(Stored data entries)
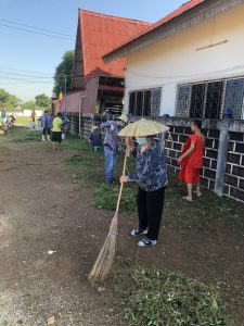 8. กลุ่มสตรีชุมชนบ้านแม่กืย ร่วมกับกลุ่มผู้สูงอายุและคณะกรรมการชุมชนทำความสะอาดบริเวณวัด
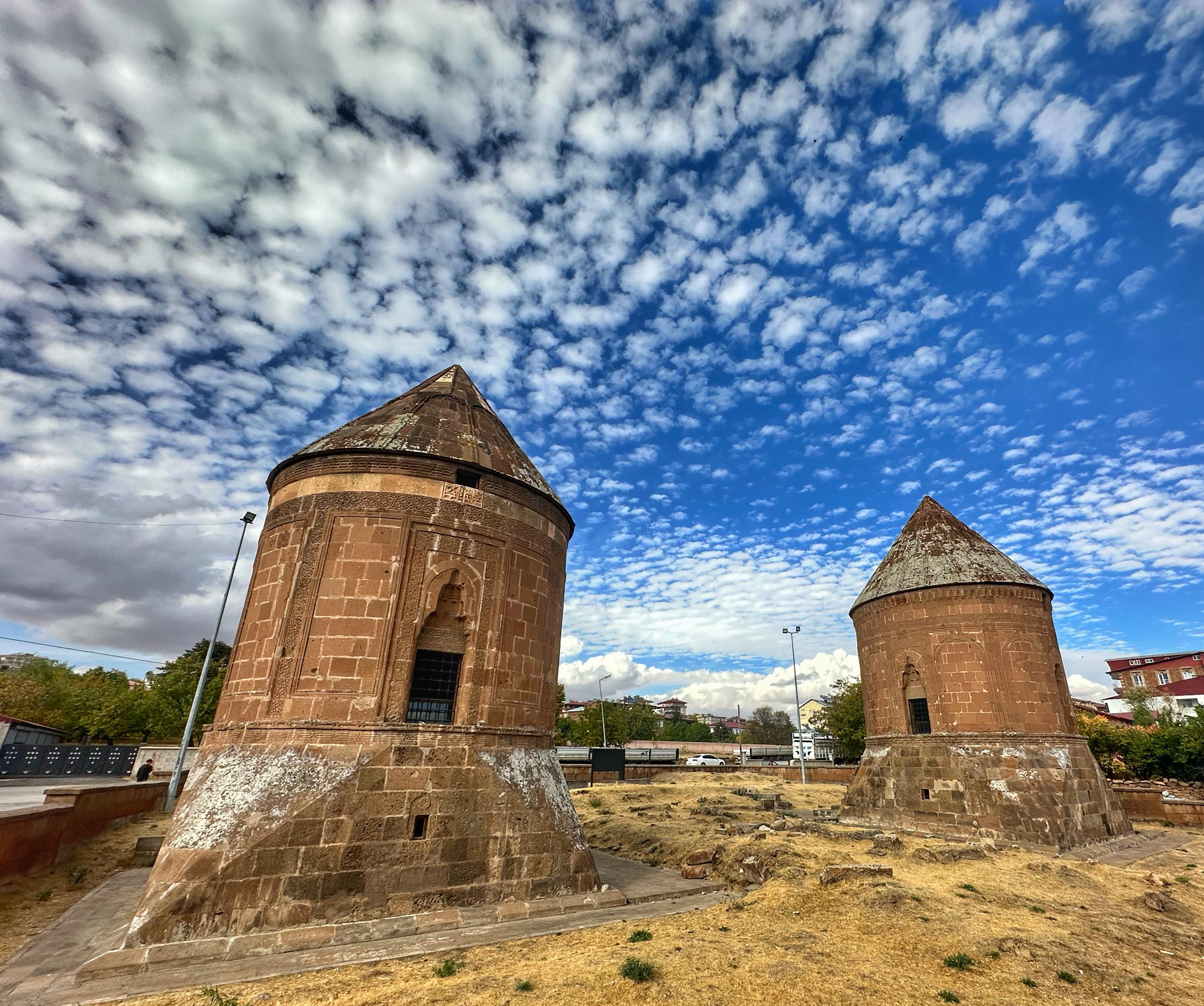 Son günlerde etkili olan bulut geçişleri, “tarihin taşlara işlendiği şehir” olarak bilinen Ahlat’ta görsel bir şölene dönüştü. Gökyüzünü kaplayan gri ve beyaz tonlardaki bulutlar, ilçenin simgeleri arasında yer alan tarihi kümbetlerle birlikte eşsiz bir manzara oluşturdu.
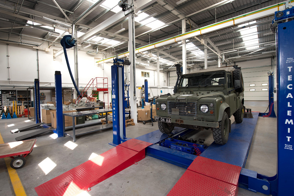 Vehicle bays inside the new motor transport workshops at CTCRM Lympstone [Picture: Crown copyright]
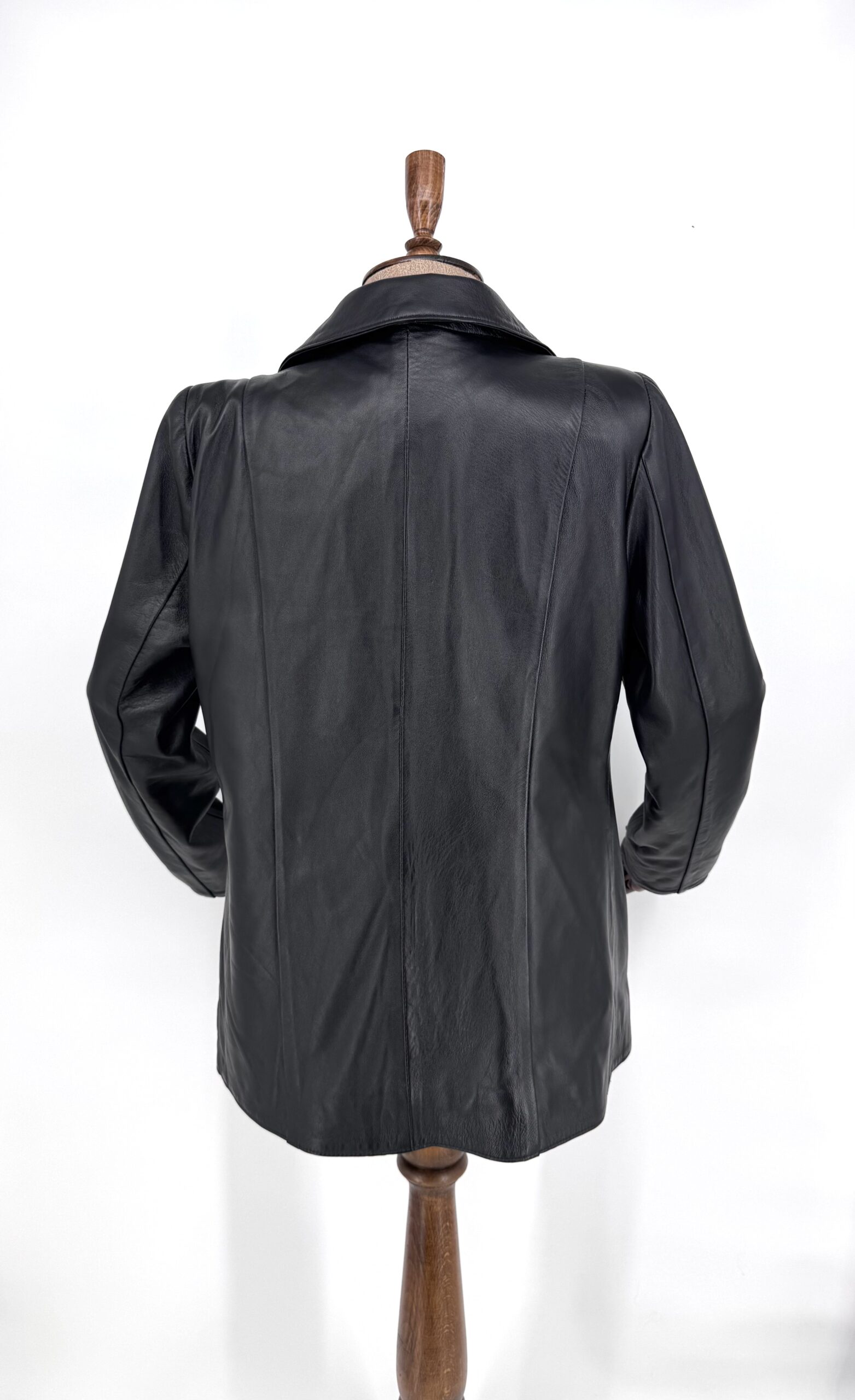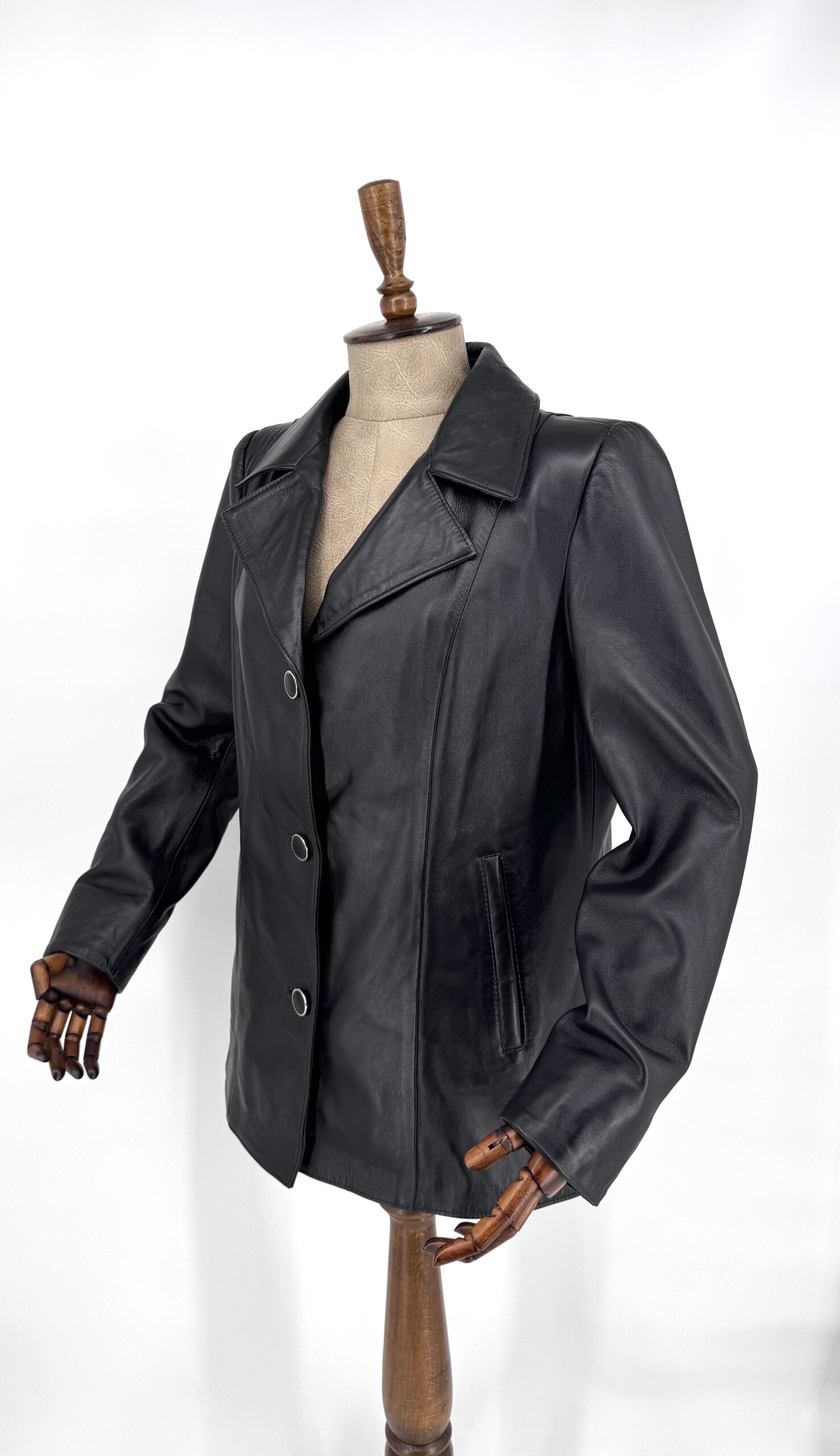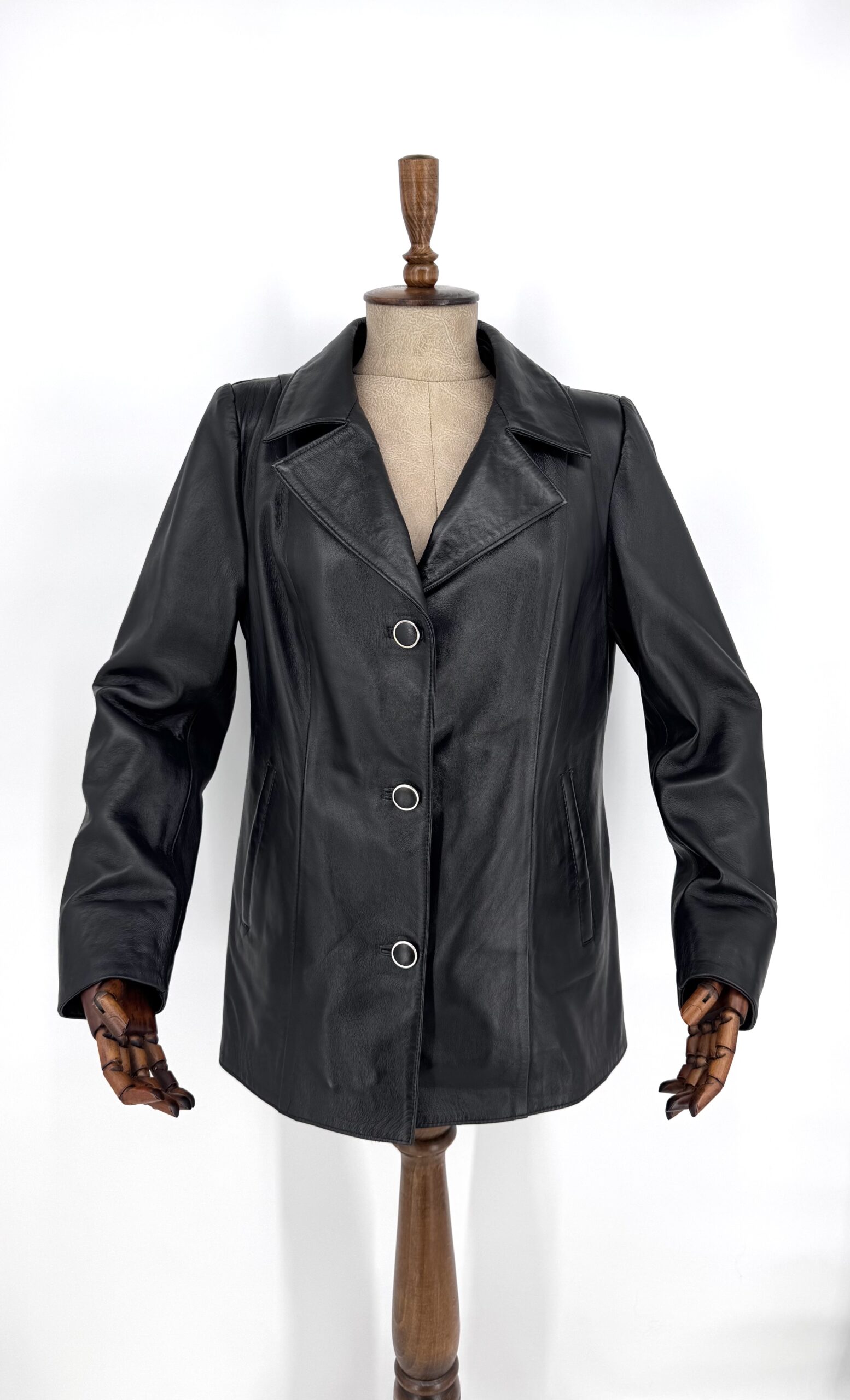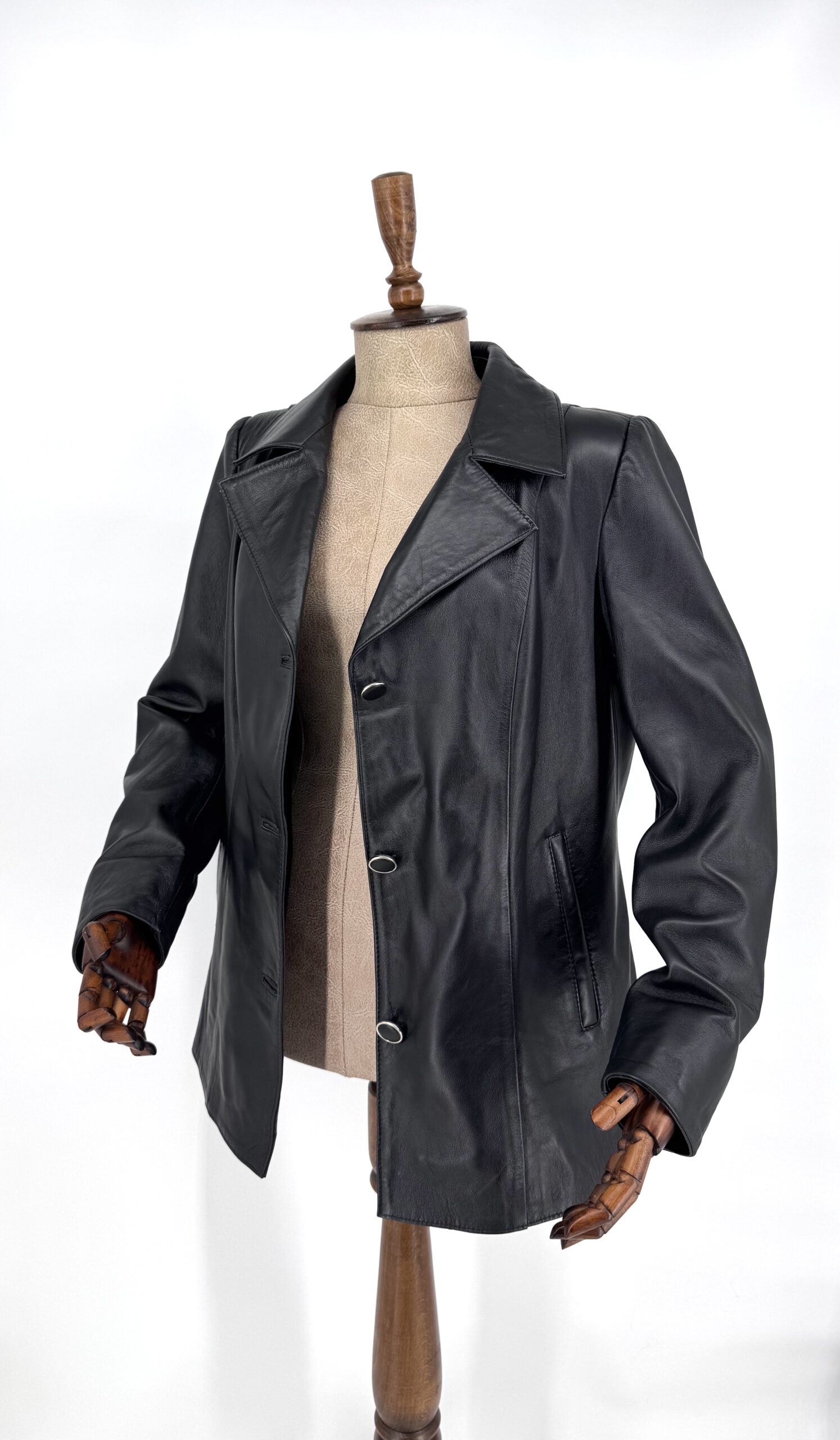 Класическо дамско сако от естествена агнешка кожа в черен цвят.
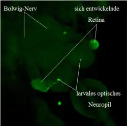 - ↑ a b P. Green, A. Y. Hartenstein, V. Hartenstein: The embryonic development of the Drosophila visual system. In: Cell and Tissue Research. Band 273, Nr. 3, September 1993, S. 583–598.

### PROBLEM REQUIREMENTS
What the records say must be written out exactly, with none of their pictures.

### OUTPUT FOR THIS TASK
 8. กลุ่มสตรีชุมชนบ้านแม่กืย ร่วมกับกลุ่มผู้สูงอายุและคณะกรรมการชุมชนทำความสะอาดบริเวณวัด
 Son günlerde etkili olan bulut geçişleri, “tarihin taşlara işlendiği şehir” olarak bilinen Ahlat’ta görsel bir şölene dönüştü. Gökyüzünü kaplayan gri ve beyaz tonlardaki bulutlar, ilçenin simgeleri arasında yer alan tarihi kümbetlerle birlikte eşsiz bir manzara oluşturdu.
 Vehicle bays inside the new motor transport workshops at CTCRM Lympstone [Picture: Crown copyright]
 Класическо дамско сако от естествена агнешка кожа в черен цвят.
 - ↑ a b P. Green, A. Y. Hartenstein, V. Hartenstein: The embryonic development of the Drosophila visual system. In: Cell and Tissue Research. Band 273, Nr. 3, September 1993, S. 583–598.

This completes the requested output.